Friday, February 27, 2009

Where's Diego?

I planned to muse today in this blog on Afghanistan's upcoming elections, a fascinating topic for anyone with a taste for humor, world politics and comic tragedy. But an email containing an unexpected name has carried me to the past instead of the future. I first met Diego when he appeared on a bench in the children's club I ran at a Bolivian orphanage. The children came from the streets, where they'd survived by rummaging through garbage, pick-pocketing, and far worse, some from as young as two years old. They were scabby, scarred, dirty--and adorable.

About ten years old, Diego was unusual, not only his fair skin and light hair that denoted European blood, but because he was clean and healthy and well-fed. His eyes twinkled with mischief as well as intelligence, his grin impish. Unlike most of the street waifs, he already knew the Bible stories and children's songs I taught them, his hand shooting up eagerly at every question. Where had he learned them? How had he ended up here?

I never found out. Within a few classes, Diego was gone. This wasn't unusual. The orphanage was only a holding pen from which children were funneled to more permanent housing, whether one of massive, under-funded state orphanages, as apprentice maid or gardener in a wealthy Bolivian home (i.e. indentured servant), or rarely, in one of the few private Christian children's homes. But Diego had not been transferred. The other children told me he'd climbed over the fence and run away. What had happened behind the orphanage walls to make him run, I never learned. Some children simply can't adjust to rules and regulations after the precarious freedom of the streets.
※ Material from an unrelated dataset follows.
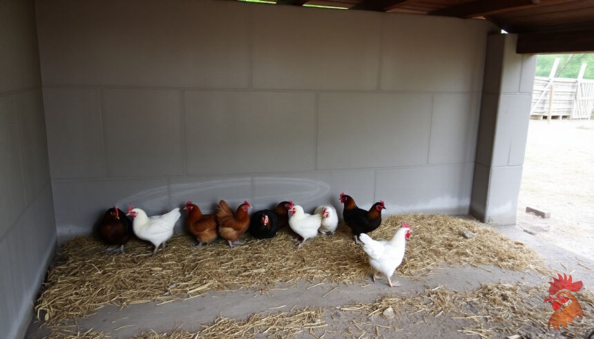 Бетонные курятники встречаются нечасто, но о них стоит упомянуть. Обычно из бетона делают пол или фундамент, но некоторые заливают и стены. Это прочно, долговечно и не боится ни воды, ни огня. Бетонный пол, кстати, спасает от крыс и мышей — они его не прогрызут, как дерево. А еще он легко моется, что для гигиены курятника огромный плюс.

But this was July south of the equator, the coldest week of the year, the chill winter rains falling steadily. Street children were dying of pneumonia, and I knew Diego had no coat. With my own three small sons safe and warm at home in mind, I went looking for him, searching all the plazas and abandoned lots and sewage drains where the street kids congregated. But to no avail.

Then one day returning from the orphanage, I spotted him clambering over a wall of an empty lot. He was shivering with cold in his rags, smelly, his hair matted with filth. He was also high on the industrial glue street kids sniff to dull the pangs of hunger and cold and loneliness. I could find nothing in those glazed eyes and dejected slump of the eager, little boy who'd happily belted out answers and songs in my class. Coaxing him with me to my car, I found him a jacket that belonged to one of my sons, fed him, and sobered him up enough to coax him back to the orphanage.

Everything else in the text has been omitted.